Kisah Perantau NTB di Palu, Makan Pisang dan Ambulans Misterius
Ia harus menerima kenyataan menjalani hidup di pinggiran Kota Palu dengan kondisi ekonomi yang kian menghimpit.
Penulis: abdul humul faaiz | Editor: Imam Wahyudi
TRIBUNPALU.COM, PALU - Syamsuddin (40), perantau asal Bima, Nusa Tenggara Barat (NTB) ini berusaha tetap senyum kepada anak-anaknya saat pulang bekerja.
Ia harus menerima kenyataan menjalani hidup di pinggiran Kota Palu dengan kondisi ekonomi sulit.
Bekerja sebagai penambang pasir di Sungai Kelurahan Pantoloan, Kecamatan Tawaeli, Kota Palu, Sulawesi Tengah, belum juga dapat mencukupi kebutuhan keluaraga.
Di sebuah rumah berukuran 5x7 meter yang terbuat dari papan bekas, Syamsudin hidup bersama istri dan lima anaknya.
Sebenarnya, Syamsuddin dan istrinya, Nurhayati (20) memiliki 7 anak.
Yaitu Rendi (10), Bima (10), Rara (8) Andri (6), Aisya (4), Aziza (2) dan Rizki yang belum cukup satu bulan.
Namun, anak pertama Rendi (9) dan ke empat Andri (6) dipelihara oleh kerabatnya di Kabupaten Buol.
"Kerabat saya itu baik sekali dengan kita, karena tidak ada anaknya, mereka minta untuk pelihara anak saya," kata Syamsudin.
Bima dan Rara saat ini bersekolah di SDN 10 Pantoloan.
Biasanya kakak beradik itu hanya membawa nasi jagung untuk bekal ke sekolah.
Beruntung keduannya sudah bisa memahami kondisi ekonomi kelurga.
Beginilah nasip keluarga perantau yang sudah hampir 6 tahun menetap di sebuah rumah yang jauh dari pemukiman ramai itu.
Ia mengaku membuat rumah tersebut dari bahan-bahan bekas hasil pemberian orang.
Pun atap rumah, Syamsuddin menggunakan seng bekas pemberian warga.
"Makanya banyak lubang, kalau hujan pasti basah dalam rumah," jelas Syamsuddin.
Begitu juga dengan dapur yang hanya menggunakan atap rumbia bekas yang dipasang hanya sekadar untuk berlindung dari panas matahari.
Kondisi ini tidak begitu dikhawatirkan oleh Syamsudin bersama istri.
Ia mengaku kondisi rumah tak lebih penting dibanding memenuhi kebutuhan makan sehari-hari.
Dengan pendapatan Rp 30 ribu sekali angkut menggunakan mobil pickup, dinilai Syamsuddin belum bisa mencukupi kebutuhan keluarga sehari-hari.
Apalagi penghasilan itu tidak setiap hari ia dapatkan.

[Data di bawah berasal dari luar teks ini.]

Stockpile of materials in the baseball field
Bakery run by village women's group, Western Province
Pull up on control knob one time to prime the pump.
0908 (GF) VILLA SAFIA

Untung jika dalam seminggu Syamsuddin 4 kali mendapat hasil.
"Kadang ada, kadang juga tidak ada," katanya.
Pernah beberapa bulan lalu cerita Syamsuddin, mereka sekeluarga hanya bisa makan pisang yang direbus karena tak ada uang untuk membeli beras.
Saat itu, Nurhayati tengah hamil 6 bulan.

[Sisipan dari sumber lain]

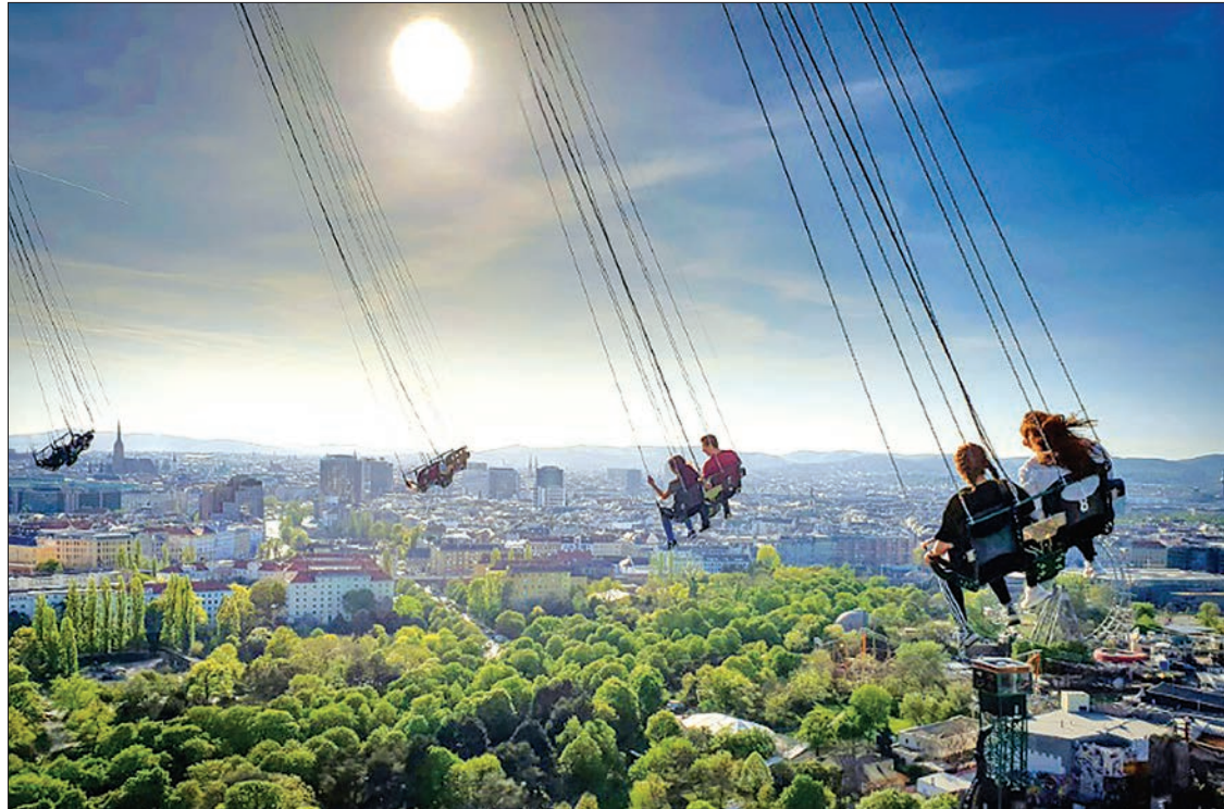
Vienna has been ranked the world's most liveable city in a new survey.

"Those that score best tend to be mid-sized cities in wealthier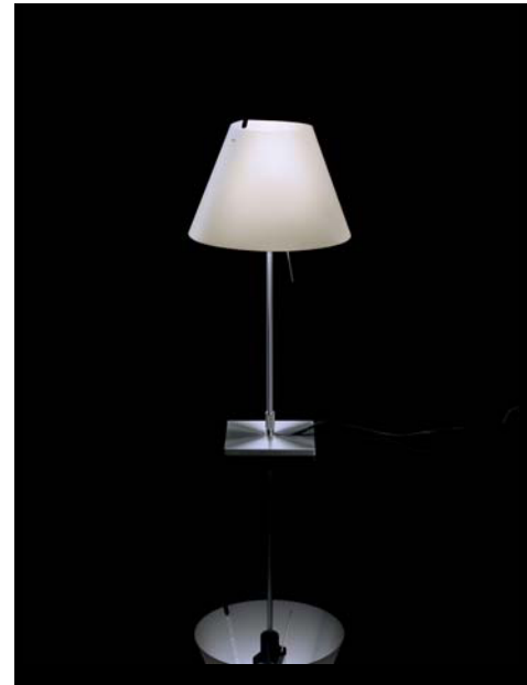
D13 pi. - D13 pi.c

Reference code: Complete Version D13 pi.c 1D13=NP0C520 alu body/white shade D13 pi 1D13=NP00520 alu 1D13=NP00503 off white 1D13=NP00530 brass D13 pi.pt. 1D13PNP00520 alu 1D13PNP00503 off white Shade D13pi./1 1D130NP01502 white Mezzo Tono collection D13pi./1 1D130NP01537 comfort green 1D130NP01524 edgy pink 1D130NP01534 mistic white 1D130NP01538 soft skin 1D130NP01539 shaded stone Radieuse collection D13pi./1 1D130NP01508 primay red 1D130NP01501 liquorice black 1D130NP01536 petroleum blue 1D130NP01506 smart yellow 1D130NP01505 concrete grey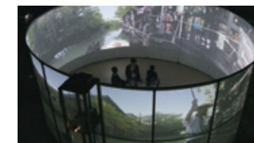
Proposal of new experiential type video contents using full-circumference screen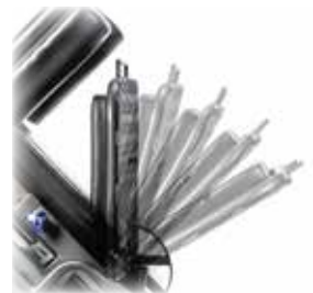
ADJUSTABLE UPPER FOOT PLATE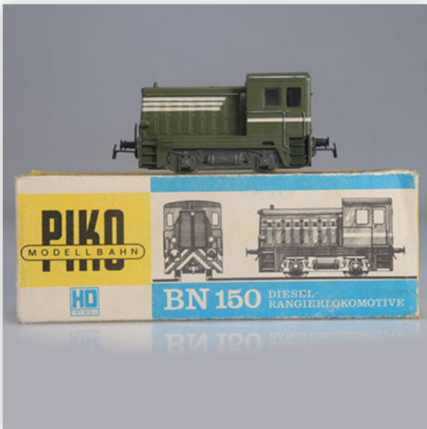
343 Piko locomotive / Reference: BN150 / Type: Electric BN150

Référence: GFAB6478 — Poids: 190 g — Region: Allemagne — Sizes: Avec boite= H=50mm L=165mm — Condition: At first glance ? good condition - no restoration - no repair

Kondisi seperti itu bukan hanya sekali mereka alami, bahkan berkali-kali.
"Yang jelas saya tetap berusaha, saya bilang ke istri, kalau kita sabar, pasti ada saja jalan rejeki," katanya.
Tak jarang pula para dermawan menawarkan diri untuk mengadopsi anak mereka.
Namun kali ini Syamsuddin tegas menolak.
Karena semenjak dua orang anaknya di bawa oleh kerabatnya, ia merasa sangat menyesal.
Hingga saat ini, ia belum pernah bertemu lagi dengan anaknya.
"Mau sekali ketemu. Cuma tidak ada uang ke sana (Buol)," katanya.
Kesalahan serupa, tak mau diulanginya lagi. Ia yakin anak adalah rejeki di kemudian hari.
Keyakinan itu menguat ketika lahirnya anak mereka yang terakhir, di Rumah Sakit Undata Palu, Maret 2019 kemarin.
Menurut Syamsuddin, kelahiran anak terakhirnya, membukakan pintu rezki bagi mereka.
Itulah kenapa Syamsudin dan Nurhayati memberi nama anak bungsunya itu dengan nama Rizky.
Proses kelahirannya pun cerita Syamsuddin banyak keajaiban.
Tiba-tiba saja mobil ambulans muncul di depan rumah.
"Saya tidak tahu siapa yang panggil itu ambulans, pokoknya mereka bilang sudah ke rumah sakit saja dulu," katanya.
Setiba di rumah sakit perawatan bersalin sang istri juga ada yang tanggung.
Begitu juga selama menjalani perawatan pasca melahirkan, makanan serta susu terus berdatangan.
Hingga saat ini Syamsuddin tidak tahu siapa dermawan yang mau menanggulangi biaya rumah sakit istrinya.
"Setidaknya kalau saya tahu, saya ingin bilang terima kasih banyka," pungkasnya. (Tribunpalu.com/Abdul Humul Faaiz).